T0 No evidence of a primary tumor
Tis Carcinoma in situ (a precancerous lesion, such as an intraductal papillary mucinous neoplasm with high-grade dysplasia)
T1 Tumor limited to the pancreas and 2 cm or less in size
T2 Tumor limited to the pancreas and greater than 2 cm in size
T3 Tumor extends beyond the pancreas but it does not involve the blood vessels of the celiac axis or the superior mesenteric artery (two arteries that run close to the pancreas)
T4 Tumor involves the blood vessels of the celiac axis or the superior mesenteric artery (two blood vessels that run close to the pancreas)
“N” in the staging system designates whether or not the cancer has spread (metastasized) to lymph nodes in the region of the pancreas (regional lymph nodes)
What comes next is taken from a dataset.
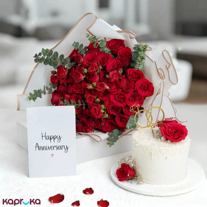 Celebrate your special moment with the Crimson Anniversary Love Combo, designed to express deep love and romance. Perfect for anniversaries or romantic surprises, this unique gift set brings together beautiful flowers and a delicious cake, creating a memorable surprise for your loved one. Available now at Kapruka and delivered anywhere in Sri Lanka.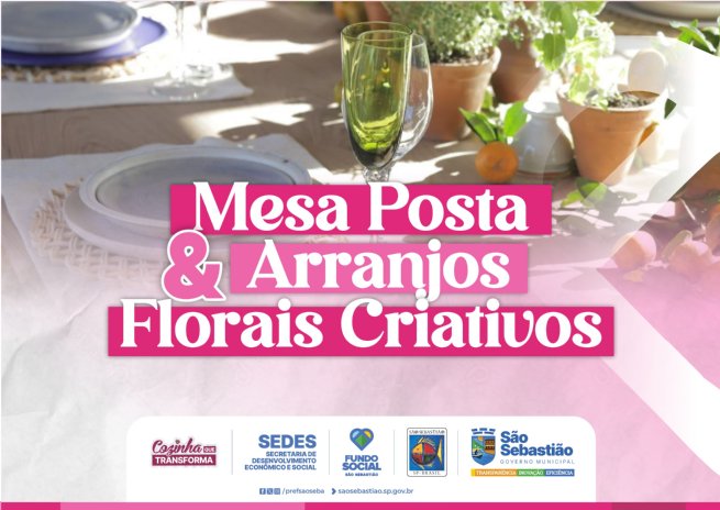 A Prefeitura de São Sebastião, por meio da Secretaria de Desenvolvimento Econômico e Social (Sedes), em parceria com o Fundo Social, realiza na próxima terça-feira (16/9) e na quinta-feira (18/9), a primeira edição do Workshop de Mesa Posta & Arranjos Florais Criativos, com a especialista Mara Perez. O curso será realizado no Centro Integrado Profissionalizante (CIP), no bairro Topolândia, das 14h às 17h.

NX Regional lymph nodes cannot be assessed
N0 No regional lymph node metastases (cancer has not spread to the lymph nodes)
N1 Regional lymph node metastases (cancer has spread to the lymph nodes, as shown above)
The “M” of TNM designates spread to other organs beyond the pancreas, also known as distant metastasis.
M0 No distant spread (no distant metastasis)
M1 Distant spread (distant metastasis, shown below)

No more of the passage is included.